Hi Kevin,
-----Original Message----- From: Kevin O'Connor [mailto:kevin@koconnor.net]
On Fri, Dec 18, 2015 at 03:04:58AM +0000, Gonglei (Arei) wrote:
Hi Kevin & Paolo,
Luckily, I reproduced this problem last night. And I got the below log when
SeaBIOS is stuck. [...]
[2015-12-18 10:38:10] gonglei: finish while
[...]
<...>-31509 [035] 154753.180077: kvm_exit: reason EXCEPTION_NMI rip 0x3
info 0 80000306
<...>-31509 [035] 154753.180077: kvm_emulate_insn: 0:3:f0 53 (real) <...>-31509 [035] 154753.180077: kvm_inj_exception: #UD (0x0) <...>-31509 [035] 154753.180077: kvm_entry: vcpu 0
This is an odd finding. It seems to indicate that the code is caught in an infinite irq loop once irqs are enabled. What doesn't make sense is that an NMI shouldn't depend on the cpu irq enable flag.
Maybe the root cause is not NMI but INTR, so yield() can open hardware interrupt, And then execute interrupt handler, but the interrupt handler make the SeaBIOS stack broken, so that the BSP can't execute the instruction and occur exception, VM_EXIT to Kmod, which is an infinite loop. But I don't have any proofs except the surface phenomenon.
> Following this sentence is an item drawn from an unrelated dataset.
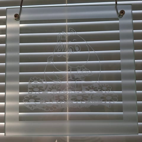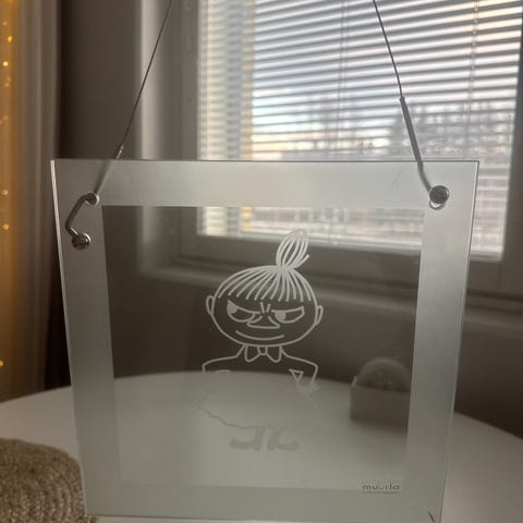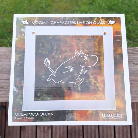 Kuvanmukainen, hyvässä iskussa oleva MUUMI lasitaulu.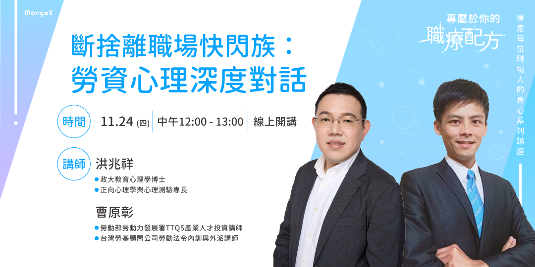 人在江湖上要知道怎麼做人,也要知道能保護你的措施法條!在最後一場職療講座中,我們邀請勞資法務專業與心理教育專業的顧問講師來對談,無論你是否為企業人資或是其他部門的職員,法務實例和我們一般想像其實真的有很多需要特別注意的事項呢!

Kevin, can we drop yield() in smp_setup() ?
diff --git a/src/fw/smp.c b/src/fw/smp.c index 579acdb..dd23eda 100644 --- a/src/fw/smp.c +++ b/src/fw/smp.c @@ -136,7 +136,6 @@ smp_setup(void) " jc 1b\n" : "+m" (SMPLock), "+m" (SMPStack) : : "cc", "memory"); - yield();
// Restore memory. *(u64*)BUILD_AP_BOOT_ADDR = old;
Is it really useful and allowable for SeaBIOS? Maybe for other components? I'm not sure. Because we found that when SeaBIOS is booting, if we inject a NMI by QMP, the guest will *stuck*. And the kvm tracing log is the same with the current problem.
Regards, -Gonglei
Also, I can't explain why rip would be 0x03, nor why a #UD in an exception handler wouldn't result in a triple fault. Maybe someone with more kvm knowledge could help here.
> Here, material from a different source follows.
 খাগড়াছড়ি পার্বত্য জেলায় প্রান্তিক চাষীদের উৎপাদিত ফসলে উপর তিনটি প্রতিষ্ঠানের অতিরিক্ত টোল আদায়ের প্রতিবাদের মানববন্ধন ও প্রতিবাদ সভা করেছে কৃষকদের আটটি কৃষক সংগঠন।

I did notice that you appear to be running with SeaBIOS v1.8.1 - I recommend you upgrade to the latest. There were two important fixes in this area (8b9942fa and 3156b71a). I don't think either of these fixes would explain the log above, but it would be best to eliminate the possibility.
-Kevin